━━━━━ Records shown ━━━━━

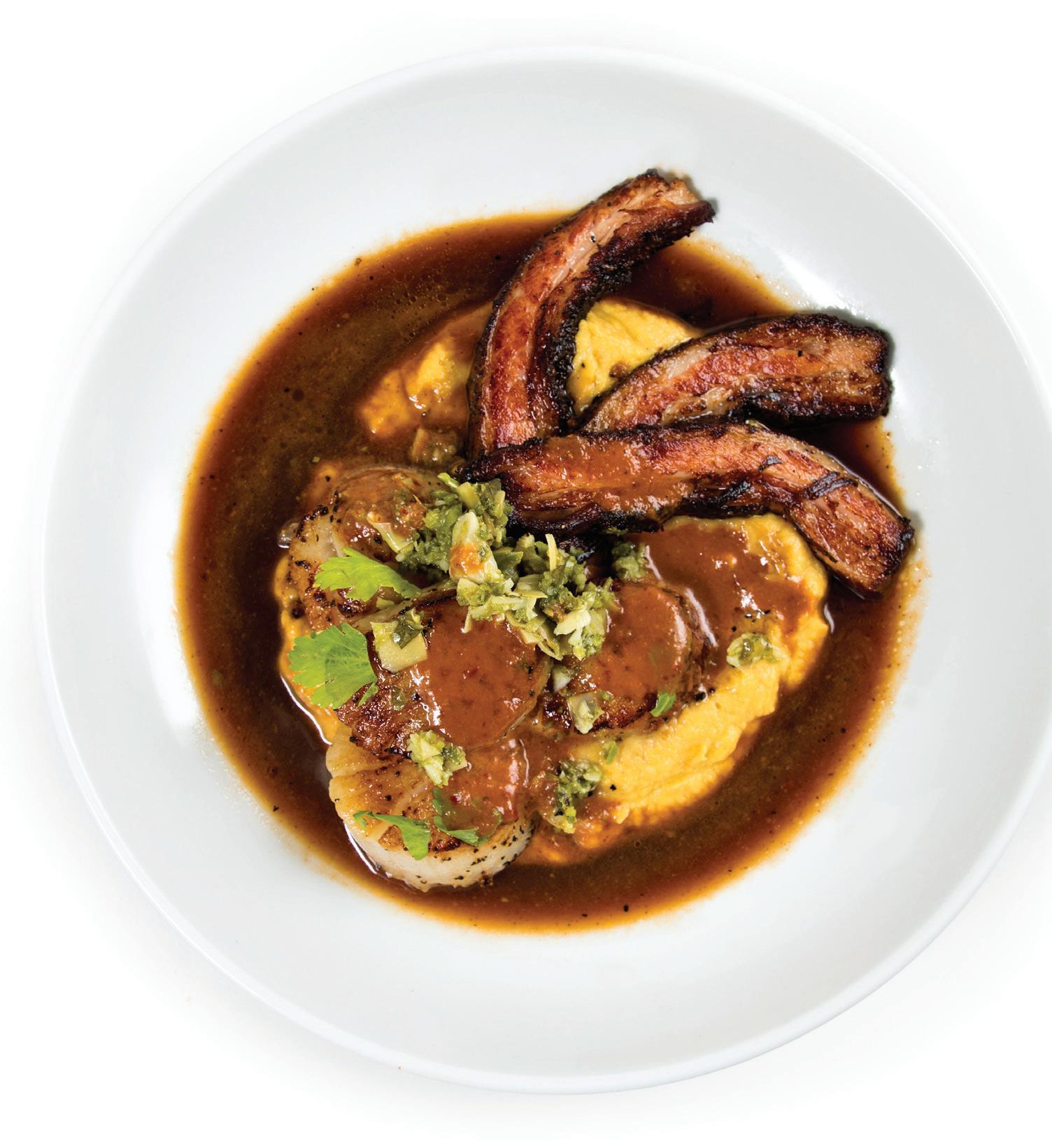 Goat is out and chicken is in at Patois Eatery & Social Lounge, the new restaurant and nightlife venue in the former Rustic Goat space. Start your meal with sweet, sticky corncakes slathered in rich honey butter, but resist the urge to order another round. You’ll need room for the jerk chicken, a tried-and-true recipe from Chicago-based Uncle Joe’s Jerk. Half a chicken is grilled until the skin is crisp and charred, then chopped into four pieces and served with a pungent jerk sauce packing allspice and a touch of sweet heat. Dig into the side of rice and peas, close your eyes and dream of Caribbean waters.
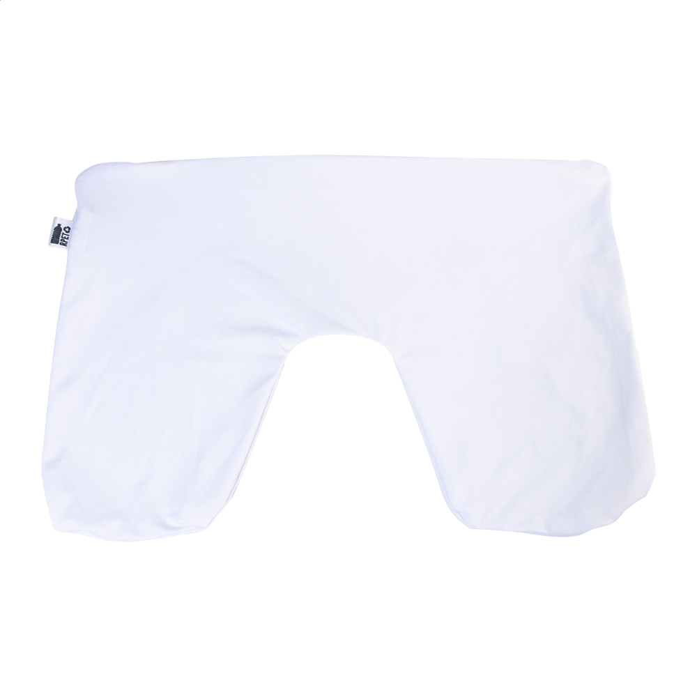 Custom made, inflatable microfibre travel pillow with zipped RPET cover featuring all over sublimation printed graphics. 92% RPET polyester and 8% elastane (185 g/m²), with distinctive RPET label. MOQ: 50 pcs.
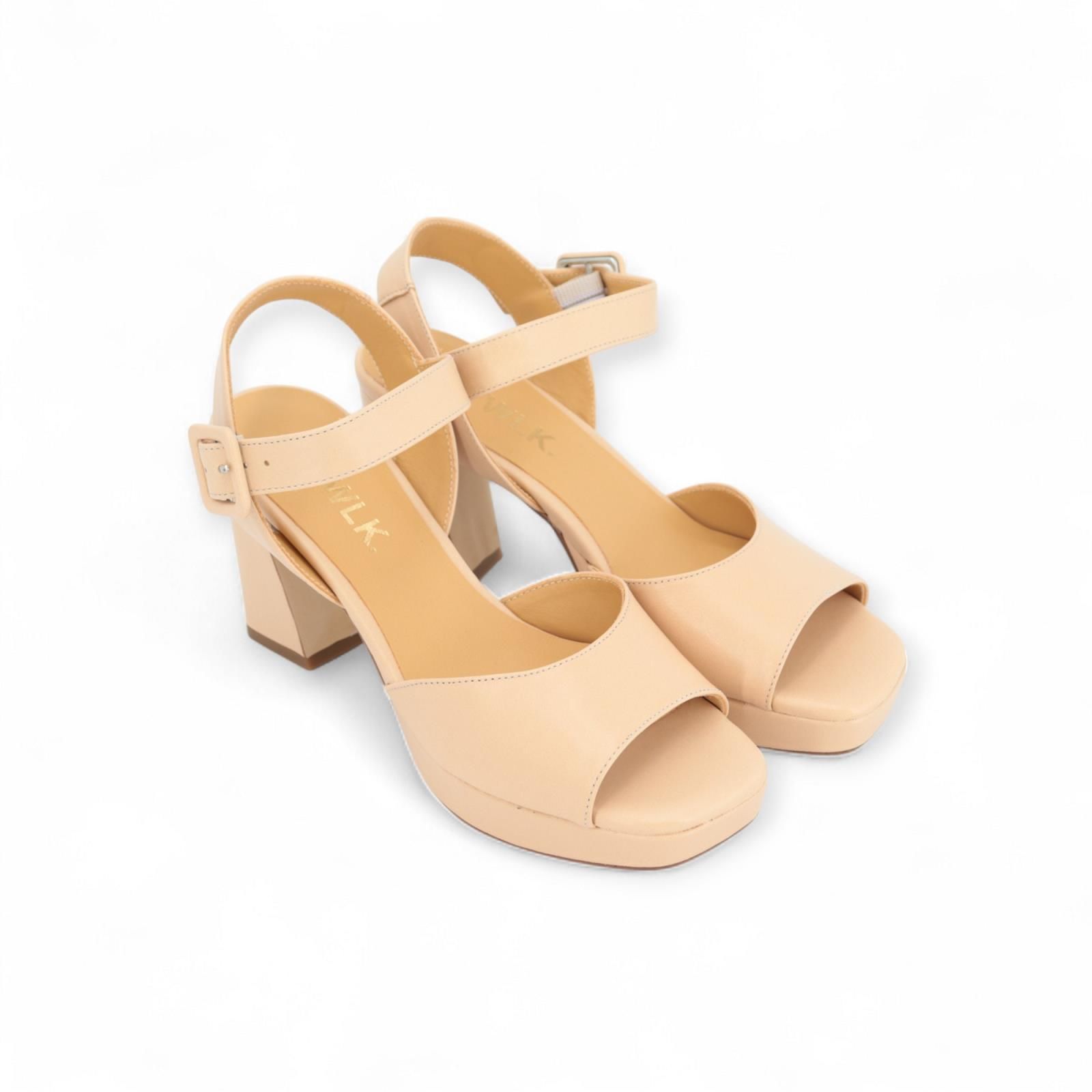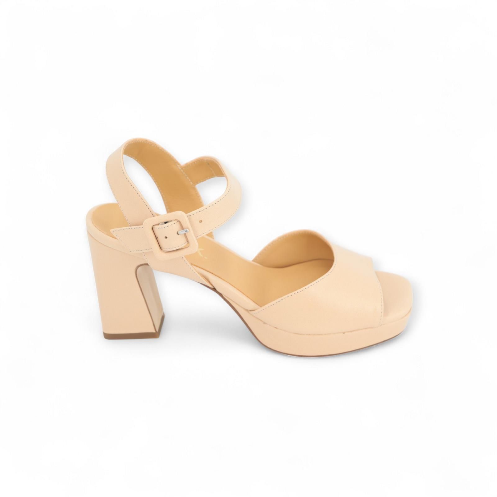 Amandine Catwalk sandaal voor dames. Dit elegant sandaaltje in volledig leder beige is met een carré top. Achteraan aan de hiel vast met een gespsluiting rond de enkel. Deze hak is +/- 5cm hoog.
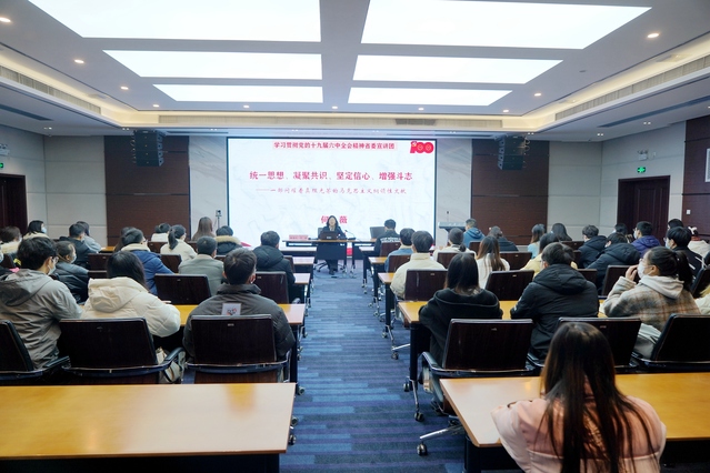 “个人的发展要与祖国的发展连接在一起……”宣讲中,何薇教授紧紧围绕《中共中央关于党的百年奋斗重大成就和历史经验的决议》(以下简称《决议》)的精髓要义和省委十一届十次全会精神,为师生们带来了一场精彩的报告。何薇教授系统阐释了《决议》起草的背景意义和三条重要原则,解析了《决议》的主题主线、支线和贯穿性线索,认为《决议》逻辑线索鲜明、表达方式整齐划一,凸现了党的政治决议特有的政治性、权威性、准确性、鲜明性。何薇教授还从“深刻领会省委十一届十次全会的重大意义”“深入学习贯彻党的十九届六中全会精神巩固党史学习教育成果的重大部署”等方面阐释了省委十一届十次全会精神,指出要用全会精神统一思想、凝聚共识、坚定信心、增强斗志。
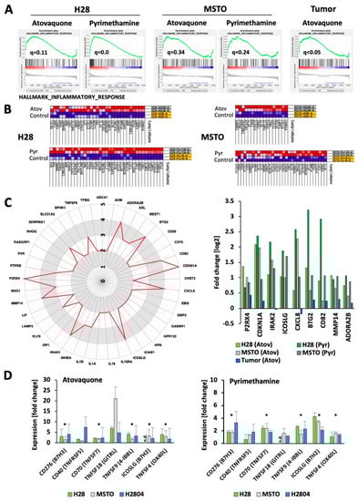 Atovaquone and pyrimethamine regulate immune pathway genes. (A) Enrichment plots of the Hallmark Inflammatory Response pathway and q-values (FDR approach) for different models treated with STAT3 pathway inhibitors, as indicated. (B) Enriched genes within the Hallmark Inflammatory Response pathways in H28 and MSTO-211H (MSTO) treated with either atovaquone (30 mM) or pyrimethamine (10 mM) are shown (upregulated genes—blue, downregulated genes—red). (C) Genes with the Hallmark Inflammatory Response pathway that are present in at least two of the five models are shown and scored according to their presence in each model (left). The relative changes in RNA expression in response to atovaquone (Atov) or pyrimethamine (Pyr) for genes that are present in at least four models are indicated (right). (D) The expression of additional immune pathway genes in response to 30 μM atovaquone or 10 pyrimethamine for 24 h in H28, MSTO-211H (MSTO) or H2804 cells was determined by RT-PCR (* significant differences with p < 0.05).

━━━━━

** Task directions **
Reproduce each line above precisely, with no pictures.

** Answer for this exercise **
 Goat is out and chicken is in at Patois Eatery & Social Lounge, the new restaurant and nightlife venue in the former Rustic Goat space. Start your meal with sweet, sticky corncakes slathered in rich honey butter, but resist the urge to order another round. You’ll need room for the jerk chicken, a tried-and-true recipe from Chicago-based Uncle Joe’s Jerk. Half a chicken is grilled until the skin is crisp and charred, then chopped into four pieces and served with a pungent jerk sauce packing allspice and a touch of sweet heat. Dig into the side of rice and peas, close your eyes and dream of Caribbean waters.
 Custom made, inflatable microfibre travel pillow with zipped RPET cover featuring all over sublimation printed graphics. 92% RPET polyester and 8% elastane (185 g/m²), with distinctive RPET label. MOQ: 50 pcs.
 Amandine Catwalk sandaal voor dames. Dit elegant sandaaltje in volledig leder beige is met een carré top. Achteraan aan de hiel vast met een gespsluiting rond de enkel. Deze hak is +/- 5cm hoog.
 “个人的发展要与祖国的发展连接在一起……”宣讲中,何薇教授紧紧围绕《中共中央关于党的百年奋斗重大成就和历史经验的决议》(以下简称《决议》)的精髓要义和省委十一届十次全会精神,为师生们带来了一场精彩的报告。何薇教授系统阐释了《决议》起草的背景意义和三条重要原则,解析了《决议》的主题主线、支线和贯穿性线索,认为《决议》逻辑线索鲜明、表达方式整齐划一,凸现了党的政治决议特有的政治性、权威性、准确性、鲜明性。何薇教授还从“深刻领会省委十一届十次全会的重大意义”“深入学习贯彻党的十九届六中全会精神巩固党史学习教育成果的重大部署”等方面阐释了省委十一届十次全会精神,指出要用全会精神统一思想、凝聚共识、坚定信心、增强斗志。
 Atovaquone and pyrimethamine regulate immune pathway genes. (A) Enrichment plots of the Hallmark Inflammatory Response pathway and q-values (FDR approach) for different models treated with STAT3 pathway inhibitors, as indicated. (B) Enriched genes within the Hallmark Inflammatory Response pathways in H28 and MSTO-211H (MSTO) treated with either atovaquone (30 mM) or pyrimethamine (10 mM) are shown (upregulated genes—blue, downregulated genes—red). (C) Genes with the Hallmark Inflammatory Response pathway that are present in at least two of the five models are shown and scored according to their presence in each model (left). The relative changes in RNA expression in response to atovaquone (Atov) or pyrimethamine (Pyr) for genes that are present in at least four models are indicated (right). (D) The expression of additional immune pathway genes in response to 30 μM atovaquone or 10 pyrimethamine for 24 h in H28, MSTO-211H (MSTO) or H2804 cells was determined by RT-PCR (* significant differences with p < 0.05).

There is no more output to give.